◆ **RECORDS SHOWN**

────────────────

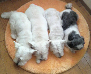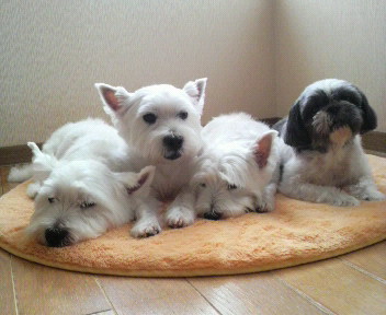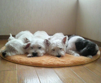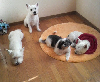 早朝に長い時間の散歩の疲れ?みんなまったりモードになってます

────────────────

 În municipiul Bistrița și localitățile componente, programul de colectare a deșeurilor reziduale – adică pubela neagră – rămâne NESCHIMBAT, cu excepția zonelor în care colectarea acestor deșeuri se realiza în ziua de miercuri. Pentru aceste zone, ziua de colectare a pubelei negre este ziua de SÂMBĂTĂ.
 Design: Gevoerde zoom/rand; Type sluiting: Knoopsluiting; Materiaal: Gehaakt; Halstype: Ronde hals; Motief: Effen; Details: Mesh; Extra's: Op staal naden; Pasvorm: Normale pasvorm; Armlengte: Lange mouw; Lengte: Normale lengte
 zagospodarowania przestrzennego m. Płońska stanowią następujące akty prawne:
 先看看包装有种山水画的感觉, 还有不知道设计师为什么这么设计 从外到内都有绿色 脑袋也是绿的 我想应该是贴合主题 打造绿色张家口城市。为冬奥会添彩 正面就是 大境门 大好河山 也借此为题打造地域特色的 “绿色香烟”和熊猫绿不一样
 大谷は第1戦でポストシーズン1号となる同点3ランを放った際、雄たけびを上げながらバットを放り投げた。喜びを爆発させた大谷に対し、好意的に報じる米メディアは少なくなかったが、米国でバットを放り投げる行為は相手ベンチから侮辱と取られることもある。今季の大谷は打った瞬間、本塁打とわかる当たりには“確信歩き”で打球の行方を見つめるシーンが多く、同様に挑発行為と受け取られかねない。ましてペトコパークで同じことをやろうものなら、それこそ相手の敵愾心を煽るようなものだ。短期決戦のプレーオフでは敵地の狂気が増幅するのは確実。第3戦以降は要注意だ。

────────────────

◆ **TASK TO COMPLETE**
Look above for the line with "În municipiul Bistrița" and the line with "大谷は第1戦でポストシーズン"; transcribe both and all lines in between, exactly, and nothing else.

◆ **ANSWER**
 În municipiul Bistrița și localitățile componente, programul de colectare a deșeurilor reziduale – adică pubela neagră – rămâne NESCHIMBAT, cu excepția zonelor în care colectarea acestor deșeuri se realiza în ziua de miercuri. Pentru aceste zone, ziua de colectare a pubelei negre este ziua de SÂMBĂTĂ.
 Design: Gevoerde zoom/rand; Type sluiting: Knoopsluiting; Materiaal: Gehaakt; Halstype: Ronde hals; Motief: Effen; Details: Mesh; Extra's: Op staal naden; Pasvorm: Normale pasvorm; Armlengte: Lange mouw; Lengte: Normale lengte
 zagospodarowania przestrzennego m. Płońska stanowią następujące akty prawne:
 先看看包装有种山水画的感觉, 还有不知道设计师为什么这么设计 从外到内都有绿色 脑袋也是绿的 我想应该是贴合主题 打造绿色张家口城市。为冬奥会添彩 正面就是 大境门 大好河山 也借此为题打造地域特色的 “绿色香烟”和熊猫绿不一样
 大谷は第1戦でポストシーズン1号となる同点3ランを放った際、雄たけびを上げながらバットを放り投げた。喜びを爆発させた大谷に対し、好意的に報じる米メディアは少なくなかったが、米国でバットを放り投げる行為は相手ベンチから侮辱と取られることもある。今季の大谷は打った瞬間、本塁打とわかる当たりには“確信歩き”で打球の行方を見つめるシーンが多く、同様に挑発行為と受け取られかねない。ましてペトコパークで同じことをやろうものなら、それこそ相手の敵愾心を煽るようなものだ。短期決戦のプレーオフでは敵地の狂気が増幅するのは確実。第3戦以降は要注意だ。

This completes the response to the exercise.